DATA FOR PROCESSING -
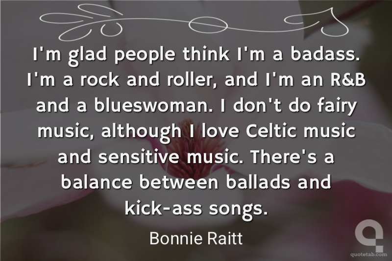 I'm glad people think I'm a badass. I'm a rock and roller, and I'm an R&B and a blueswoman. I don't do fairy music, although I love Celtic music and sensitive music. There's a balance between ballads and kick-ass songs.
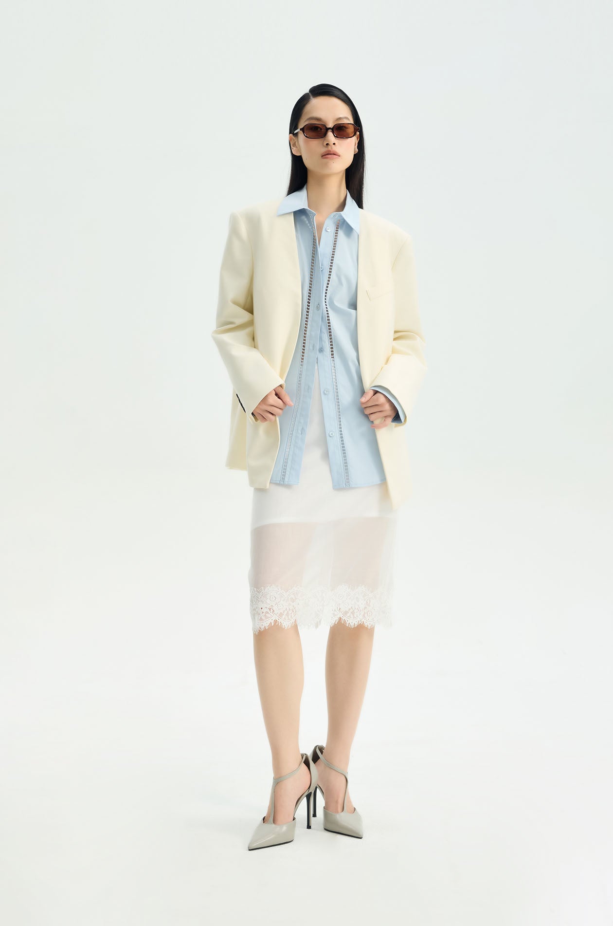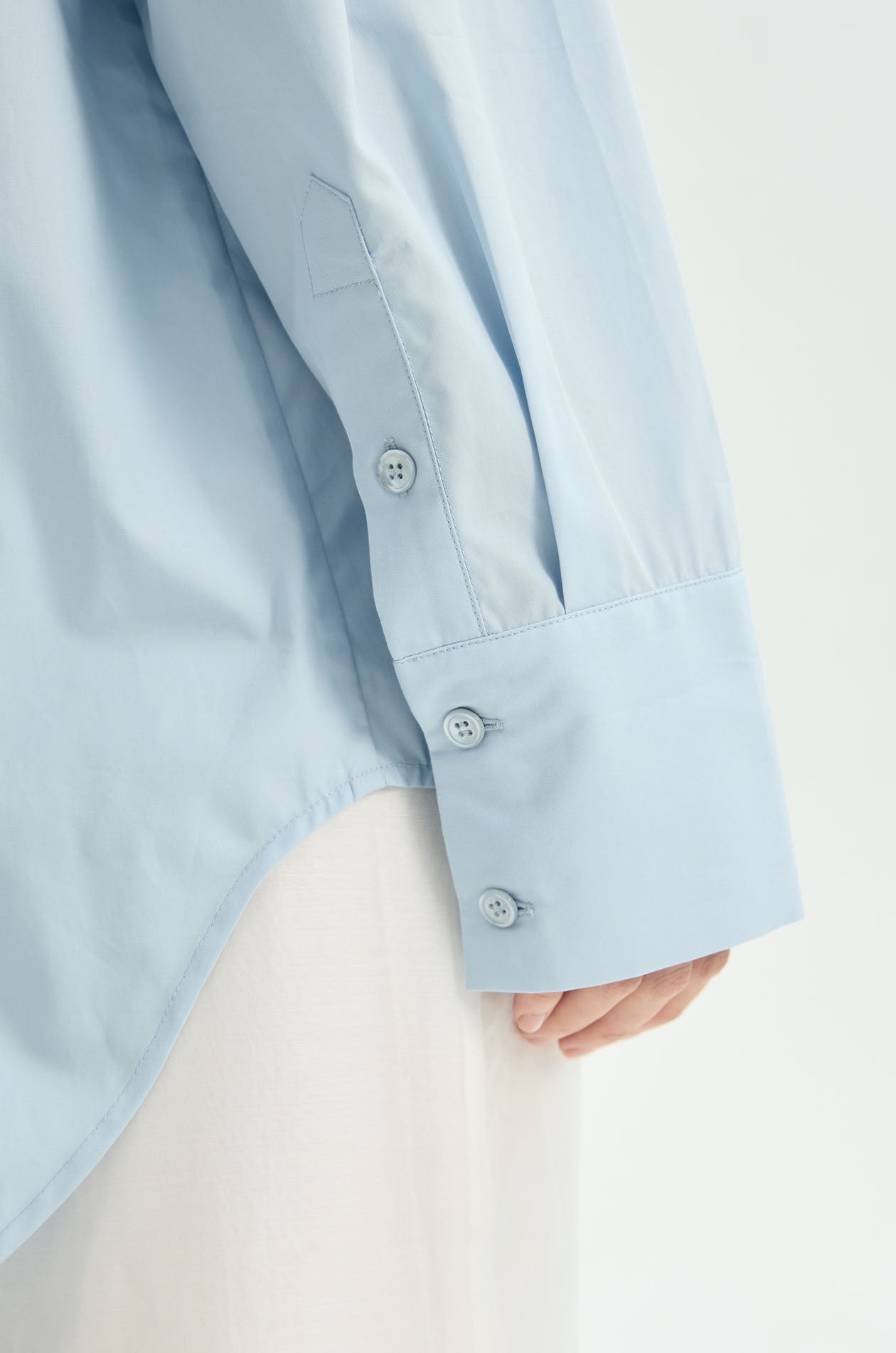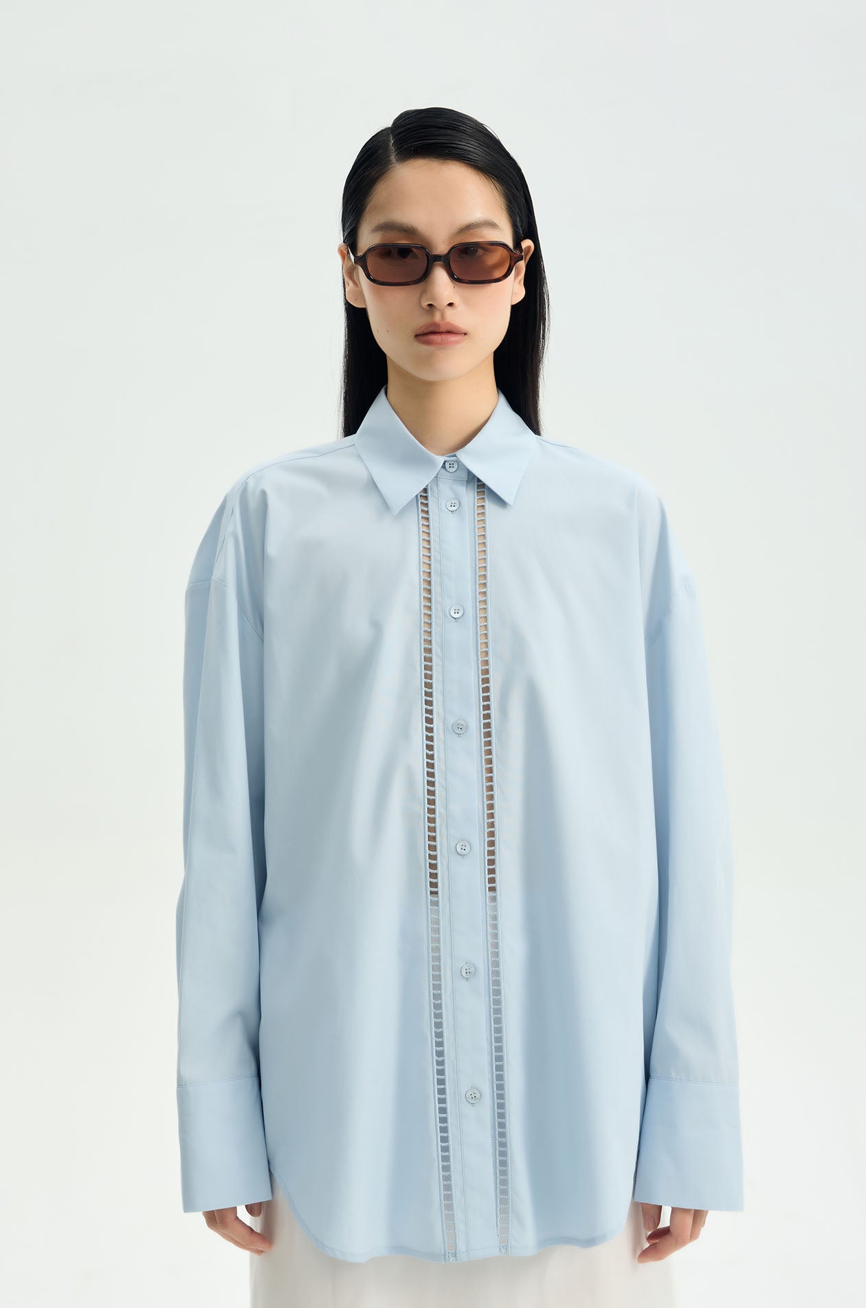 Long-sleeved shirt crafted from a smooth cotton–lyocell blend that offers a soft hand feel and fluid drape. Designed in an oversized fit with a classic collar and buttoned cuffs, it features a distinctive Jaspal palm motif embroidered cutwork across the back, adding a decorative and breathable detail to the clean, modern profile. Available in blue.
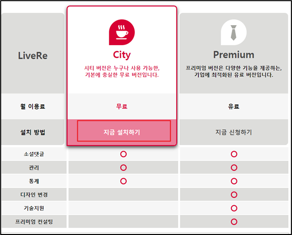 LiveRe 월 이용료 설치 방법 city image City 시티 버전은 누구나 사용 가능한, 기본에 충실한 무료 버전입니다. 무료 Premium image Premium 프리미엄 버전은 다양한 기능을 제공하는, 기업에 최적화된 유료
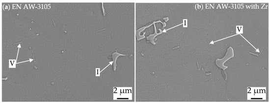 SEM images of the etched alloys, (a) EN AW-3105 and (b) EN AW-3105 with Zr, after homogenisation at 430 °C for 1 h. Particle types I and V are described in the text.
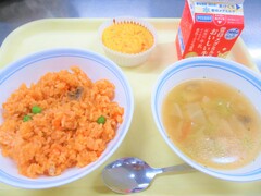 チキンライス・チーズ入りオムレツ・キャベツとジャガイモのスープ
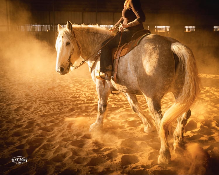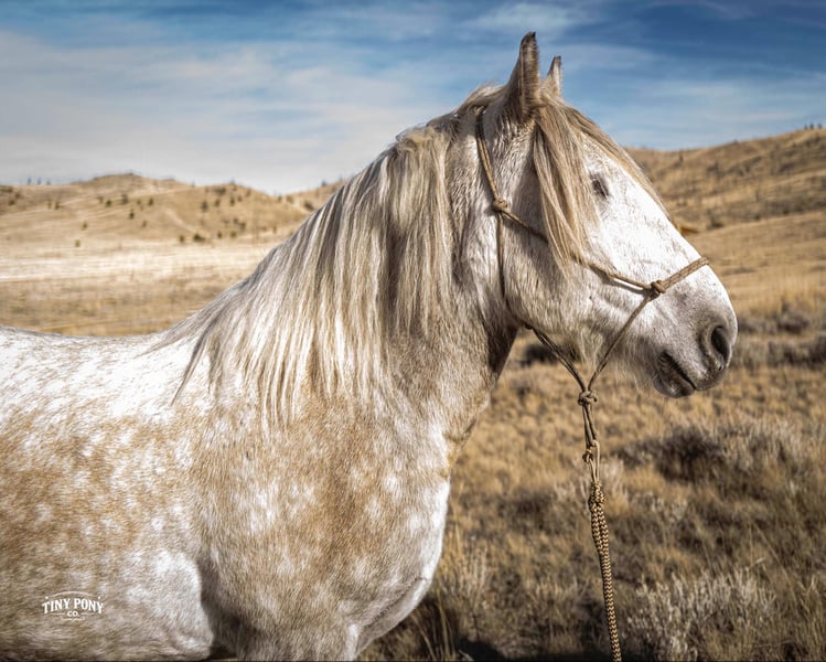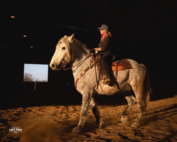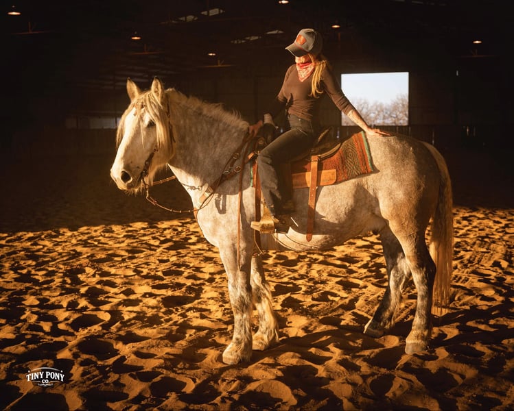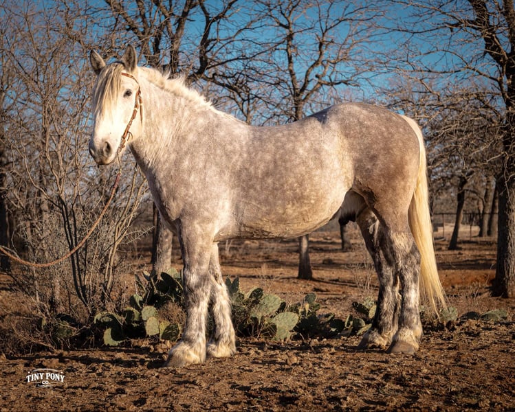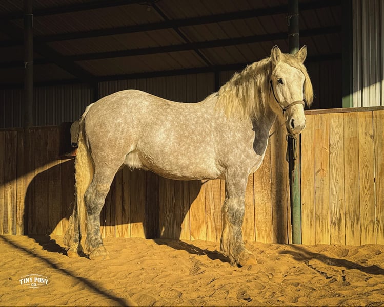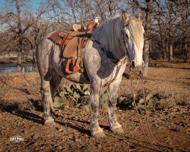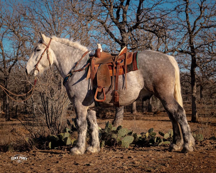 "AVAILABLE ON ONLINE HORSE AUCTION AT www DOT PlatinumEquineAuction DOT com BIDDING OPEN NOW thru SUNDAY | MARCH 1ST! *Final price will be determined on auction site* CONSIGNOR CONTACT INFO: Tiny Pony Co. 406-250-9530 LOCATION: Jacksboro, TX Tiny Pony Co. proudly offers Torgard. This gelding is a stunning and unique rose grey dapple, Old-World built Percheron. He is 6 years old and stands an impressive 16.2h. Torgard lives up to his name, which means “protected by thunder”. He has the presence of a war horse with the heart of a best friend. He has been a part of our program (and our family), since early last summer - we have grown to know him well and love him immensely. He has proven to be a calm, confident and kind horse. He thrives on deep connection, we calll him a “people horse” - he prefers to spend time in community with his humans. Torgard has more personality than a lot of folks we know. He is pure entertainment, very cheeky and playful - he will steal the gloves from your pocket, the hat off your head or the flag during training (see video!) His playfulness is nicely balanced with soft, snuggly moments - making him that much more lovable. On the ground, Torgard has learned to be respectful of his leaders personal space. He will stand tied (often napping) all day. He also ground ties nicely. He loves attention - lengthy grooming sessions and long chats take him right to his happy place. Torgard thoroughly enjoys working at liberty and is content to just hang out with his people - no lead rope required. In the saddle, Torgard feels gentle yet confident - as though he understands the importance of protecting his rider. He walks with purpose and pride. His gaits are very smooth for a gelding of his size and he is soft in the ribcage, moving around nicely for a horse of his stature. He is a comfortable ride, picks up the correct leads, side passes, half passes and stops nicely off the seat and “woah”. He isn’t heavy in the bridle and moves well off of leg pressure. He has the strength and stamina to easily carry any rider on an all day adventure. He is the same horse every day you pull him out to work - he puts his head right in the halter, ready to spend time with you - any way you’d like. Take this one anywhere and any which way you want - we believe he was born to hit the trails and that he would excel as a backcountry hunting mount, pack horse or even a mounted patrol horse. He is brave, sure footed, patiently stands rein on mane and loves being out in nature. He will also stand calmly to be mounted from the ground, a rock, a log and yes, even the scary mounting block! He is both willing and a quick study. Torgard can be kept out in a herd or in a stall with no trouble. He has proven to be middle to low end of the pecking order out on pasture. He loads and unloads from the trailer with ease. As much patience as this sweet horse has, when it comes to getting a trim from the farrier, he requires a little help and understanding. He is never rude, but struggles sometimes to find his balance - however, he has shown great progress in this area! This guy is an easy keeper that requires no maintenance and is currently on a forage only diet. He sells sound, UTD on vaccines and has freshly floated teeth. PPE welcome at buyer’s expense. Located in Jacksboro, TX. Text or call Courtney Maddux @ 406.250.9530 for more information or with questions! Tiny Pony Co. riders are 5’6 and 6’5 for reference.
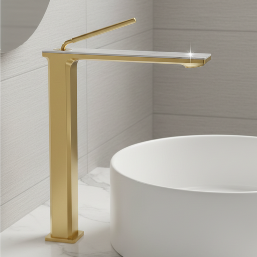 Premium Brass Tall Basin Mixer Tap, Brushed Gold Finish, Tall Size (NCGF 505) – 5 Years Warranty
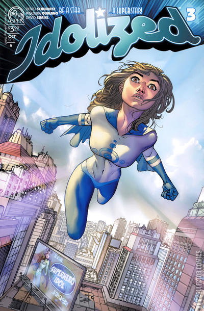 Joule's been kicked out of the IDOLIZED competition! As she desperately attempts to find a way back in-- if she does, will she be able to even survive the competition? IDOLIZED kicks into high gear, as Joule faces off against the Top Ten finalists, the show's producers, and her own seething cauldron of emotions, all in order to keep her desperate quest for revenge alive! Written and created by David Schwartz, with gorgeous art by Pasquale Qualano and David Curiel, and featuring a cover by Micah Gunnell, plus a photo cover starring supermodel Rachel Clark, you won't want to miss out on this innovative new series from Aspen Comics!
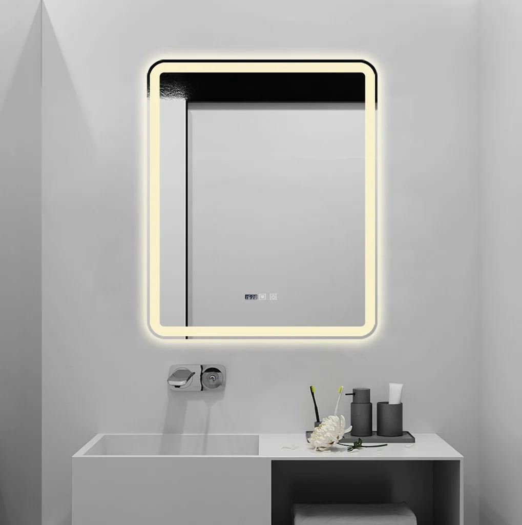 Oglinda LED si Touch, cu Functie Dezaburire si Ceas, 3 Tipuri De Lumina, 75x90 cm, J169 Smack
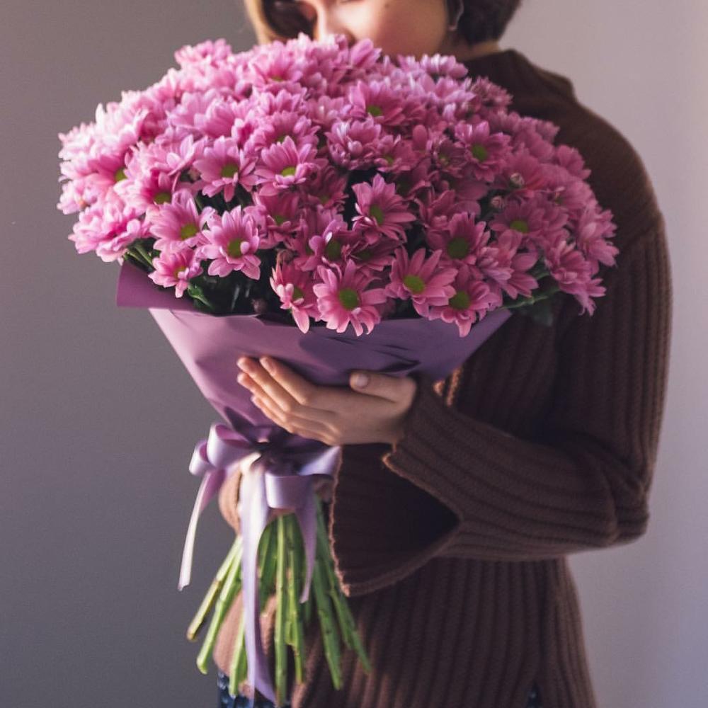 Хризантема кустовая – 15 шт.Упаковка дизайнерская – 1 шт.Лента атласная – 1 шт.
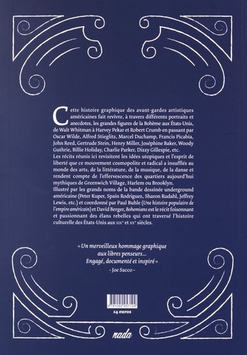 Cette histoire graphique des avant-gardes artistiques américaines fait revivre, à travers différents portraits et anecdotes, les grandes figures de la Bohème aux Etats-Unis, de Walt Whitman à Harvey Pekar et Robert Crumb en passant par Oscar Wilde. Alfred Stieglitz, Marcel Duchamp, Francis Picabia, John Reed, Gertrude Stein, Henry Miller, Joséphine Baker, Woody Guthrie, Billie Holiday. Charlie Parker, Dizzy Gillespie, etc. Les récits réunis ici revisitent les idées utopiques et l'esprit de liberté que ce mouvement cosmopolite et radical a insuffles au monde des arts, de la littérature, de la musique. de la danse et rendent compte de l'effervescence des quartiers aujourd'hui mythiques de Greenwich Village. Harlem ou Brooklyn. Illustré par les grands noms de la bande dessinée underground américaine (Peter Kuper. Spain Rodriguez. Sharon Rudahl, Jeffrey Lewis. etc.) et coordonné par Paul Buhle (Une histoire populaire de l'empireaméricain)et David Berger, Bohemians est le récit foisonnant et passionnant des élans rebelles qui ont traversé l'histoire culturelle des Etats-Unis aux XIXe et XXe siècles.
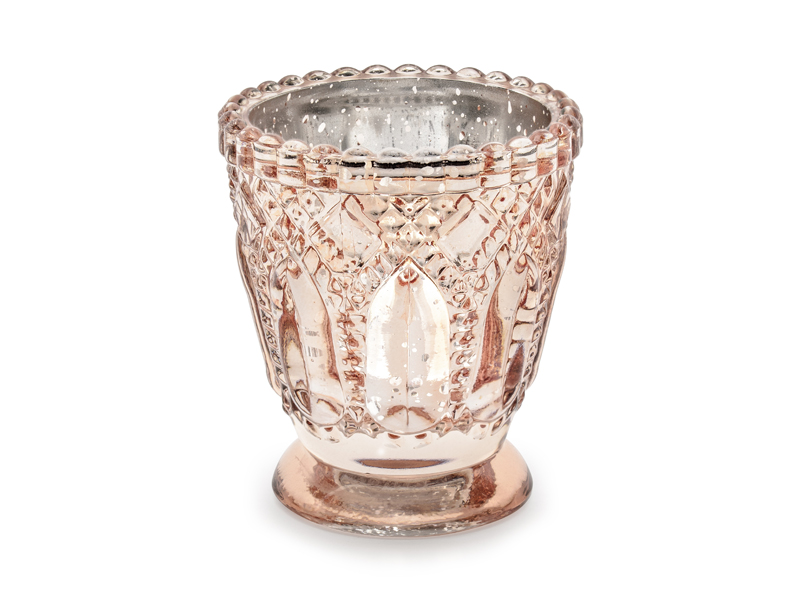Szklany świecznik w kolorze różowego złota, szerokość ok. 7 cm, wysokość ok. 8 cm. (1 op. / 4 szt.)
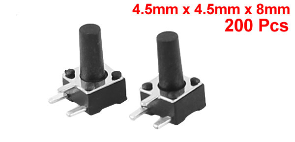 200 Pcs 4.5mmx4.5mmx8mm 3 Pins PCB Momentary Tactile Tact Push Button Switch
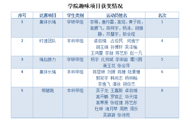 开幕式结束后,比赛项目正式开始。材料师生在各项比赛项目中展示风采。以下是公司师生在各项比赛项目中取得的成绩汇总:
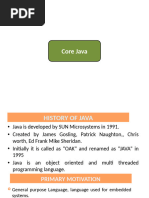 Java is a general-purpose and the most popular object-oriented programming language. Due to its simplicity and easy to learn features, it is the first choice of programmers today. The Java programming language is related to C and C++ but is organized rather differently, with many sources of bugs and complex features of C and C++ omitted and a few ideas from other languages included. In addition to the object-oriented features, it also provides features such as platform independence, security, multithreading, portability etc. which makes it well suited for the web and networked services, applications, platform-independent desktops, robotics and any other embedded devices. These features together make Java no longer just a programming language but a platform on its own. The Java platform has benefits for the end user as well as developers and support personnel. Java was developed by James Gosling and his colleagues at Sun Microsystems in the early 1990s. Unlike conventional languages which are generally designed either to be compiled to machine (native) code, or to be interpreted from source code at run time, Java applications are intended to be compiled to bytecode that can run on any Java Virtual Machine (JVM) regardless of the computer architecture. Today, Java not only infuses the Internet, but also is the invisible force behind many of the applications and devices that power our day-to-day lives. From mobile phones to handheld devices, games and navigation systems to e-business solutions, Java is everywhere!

WHAT IS NEEDED -
From the first line above down to the line with "LiveRe 월 이용료", reproduce every line and no others, omitting pictures.

WRITTEN SOLUTION -
 I'm glad people think I'm a badass. I'm a rock and roller, and I'm an R&B and a blueswoman. I don't do fairy music, although I love Celtic music and sensitive music. There's a balance between ballads and kick-ass songs.
 Long-sleeved shirt crafted from a smooth cotton–lyocell blend that offers a soft hand feel and fluid drape. Designed in an oversized fit with a classic collar and buttoned cuffs, it features a distinctive Jaspal palm motif embroidered cutwork across the back, adding a decorative and breathable detail to the clean, modern profile. Available in blue.
 LiveRe 월 이용료 설치 방법 city image City 시티 버전은 누구나 사용 가능한, 기본에 충실한 무료 버전입니다. 무료 Premium image Premium 프리미엄 버전은 다양한 기능을 제공하는, 기업에 최적화된 유료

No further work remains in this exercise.